適度な距離を保ち、良好な関係を築いていた2人でしたが、みくりの両親が定年を機に田舎暮らしをすると言いだしたため、みくりは新たな居場所を探すことに。そこで、今の場所が気に入っていたみくりは、互いに独身だったこともあり、平匡に「契約としての結婚」を提案するのです。そして事実婚という体で結婚生活を開始しましたが、2人だけの生活や他の人との関わりの中で、互いに惹かれあっていくように……。

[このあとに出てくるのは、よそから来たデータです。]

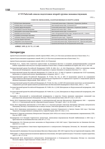 Статья с публикацией источников посвящена реконструкции уникального исторического кейса — подготовки весной-летом 1955 г. первой группы монахинь и послушниц для пополнения «русского» Горненского монастыря в Иерусалиме. Все обстоятельства этого важного с позиции государственных органов (Совета по делам Русской православной церкви при Совете министров СССР) и церковных структур дела воссоздаются благодаря выявлению и параллельной публикации источников из различных фондов. Обнаруженные в ходе историко-биографического исследования в личном архиве митрополита Волоколамского и Юрьевского Питирима (Нечаева) документы о его участии в подготовке группы монашествующих для отправки в Иерусалим дали толчок к выявлению и комплексной публикации всех источников, связанных с этим проектом, отложившихся в фонде Совета по делам Русской православной церкви при Совете Министров СССР (фонд Р-6991 Государственного архива Российской Федерации) и Архива отдела внешних церковных связей Московского патриархата. Собранный комплекс источников представил обстоятельства важного события в истории Горненского монастыря в нескольких репрезентативных аспектах: в истории государственно-церковных отношений, церковной дипломатии, российского христианства на Святой земле. Необычный по динамизму и наполненности событиями 1955 г. принес значительные изменения в подходах как Московской патриархии, так и правительственных структур к задачам и практикам российского/советского присутствия на Ближнем Востоке (было осознано, что решать задачи поддержания и развития церковного достояния без людей — невозможно); способствовал вовлечению в активную церковно-дипломатическую работу ряда молодых церковных деятелей — протоиерея Михаила Зёрнова, Константина Нечаева, архимандрита Пимена (Хмелевского).
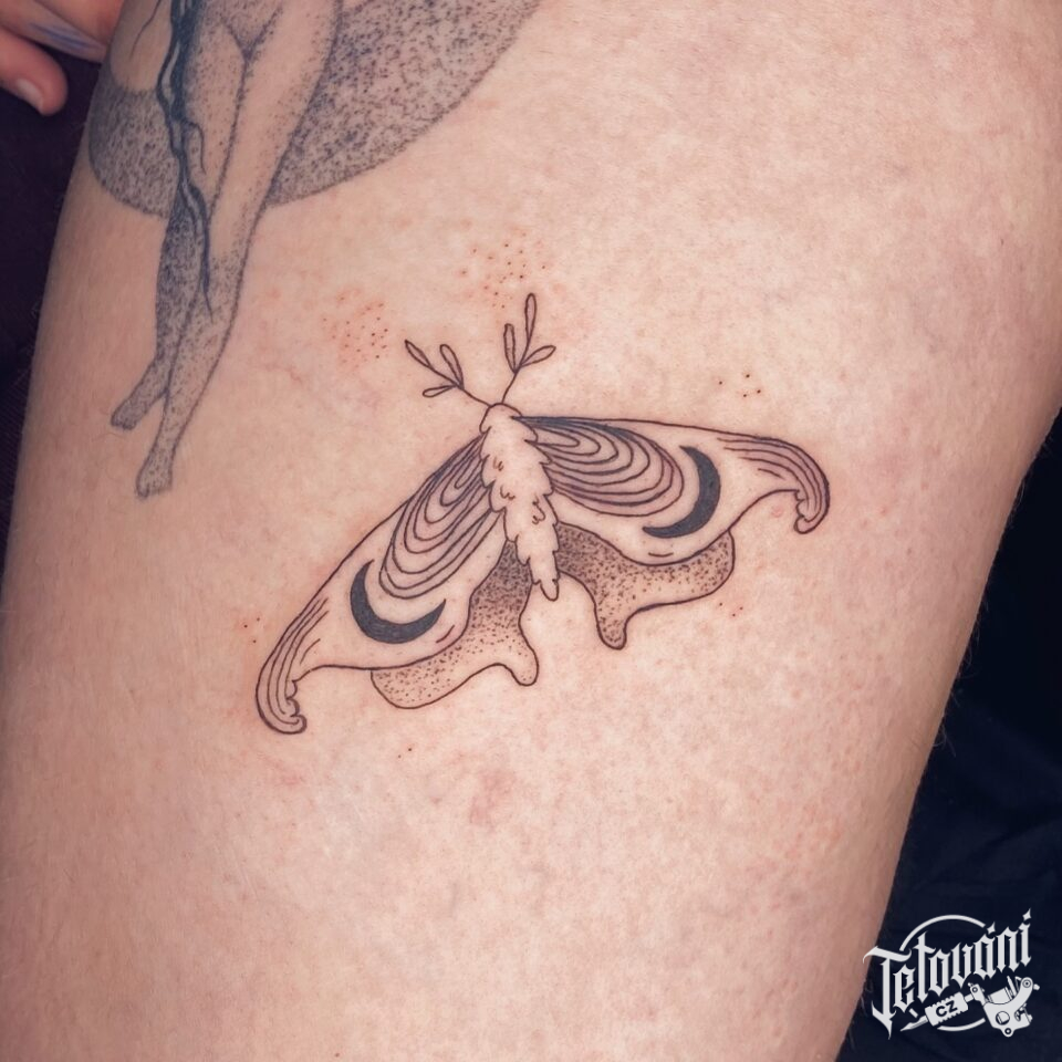 Tetování malá můra na stehno
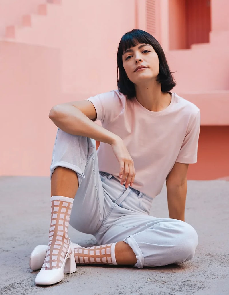 They are super easy to style – they pair naturally with white shoes and light denim, adding subtle color and texture to a relaxed outfit. The transparent fabric highlights the graphic motif while keeping the look polished and modern.
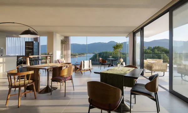 入住了网红房型“汀未央”,270度全景落地窗将仙岛湖的湖光山色尽收眼底!清晨看湖面晨雾缭绕,傍晚赏粉色晚霞,简直是一幅流动的山水画。房间设计极简又有格调,水泥灰与原木色搭配,榻榻米茶区闲适惬意,拍照无需滤镜直接出片。
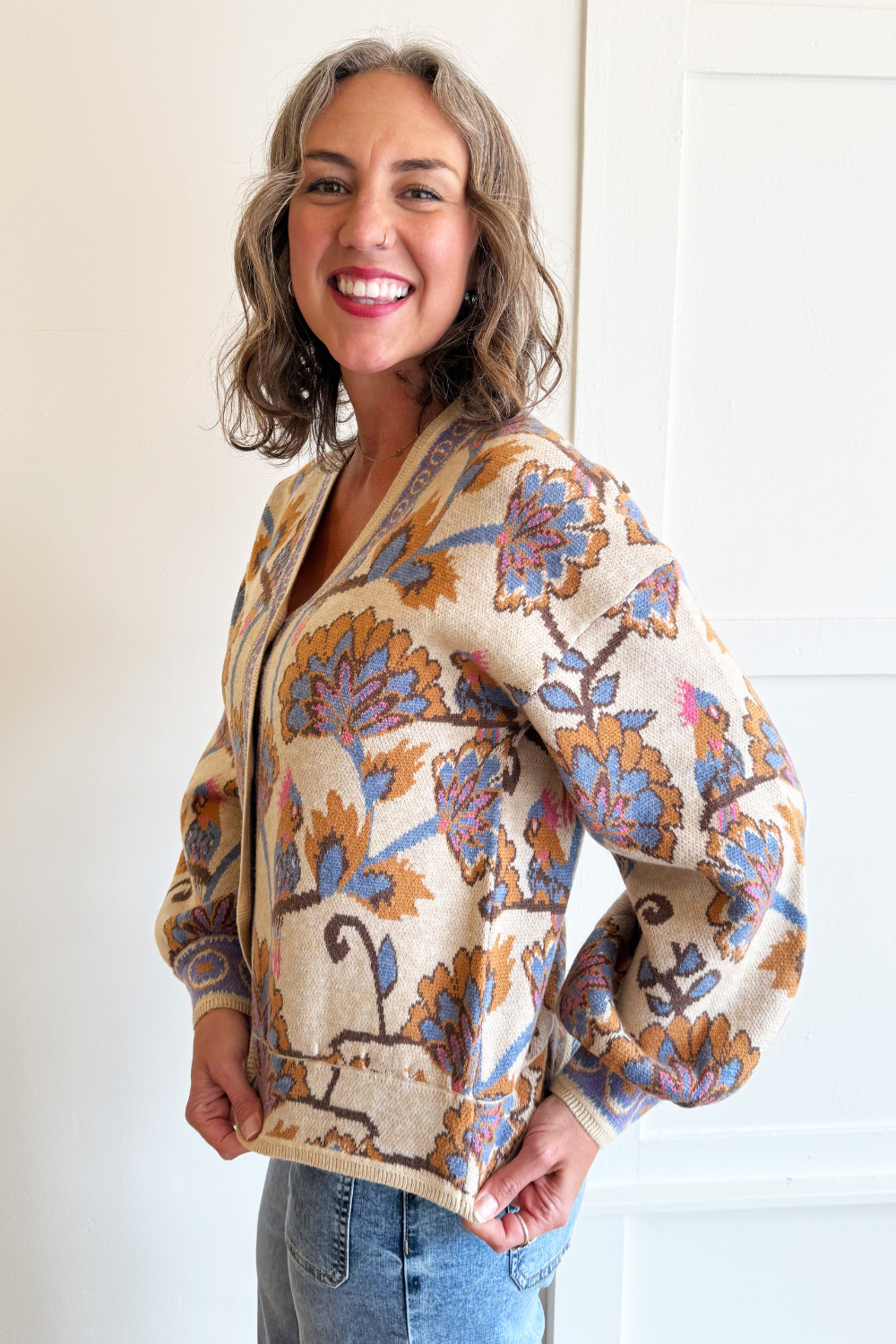 Snag this unique Jacquard Knit V Neck Button Closure Cardigan for a piece that you'll reach for all year! Wear buttoned up on its own or buttoned down layered over a basic!
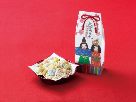 3色あられや可愛い吹寄せの入った特製のひなあられです。

建前上は夫婦ですが、雇用主と従業員という関係であるため、賃金や休日設定もされているという、色気も艶もないみくりと平匡。契約内容を決めているシーンや、夫婦らしい空気を作るために、ハグをするという「ハグの日」制定時も、雇用主と従業員的硬さがあるのが面白いところ。しかし、一緒に暮らしていれば情は移るもので、徐々に惹かれていってギクシャクする2人に、不器用な大人同士だからこその甘酸っぱさが漂います。
大人の恋愛であるはずなのに、大人ゆえの不器用さや生きづらさが前面に押し出されている本作。重苦しい雰囲気になるわけでもなく、その不器用さを抱えながらも、人に向き合おうとする姿が愛おしく感じられます。契約から始まった結婚生活の果てに、2人はどんな夫婦になるのか、結末が気になる恋愛漫画です。
今も昔も、さまざまな年代の男女をときめかせてきた恋愛漫画。作品は世相を映すものでもあり、作風も異なりますが、そこには人が誰かに恋をするという、普遍的なことが描かれています。いつ読んでも、色褪せない恋物語ばかりですので、ときめき成分が足りなくなったり、胸きゅんしたいという時に読んでみてはいかがでしょうか。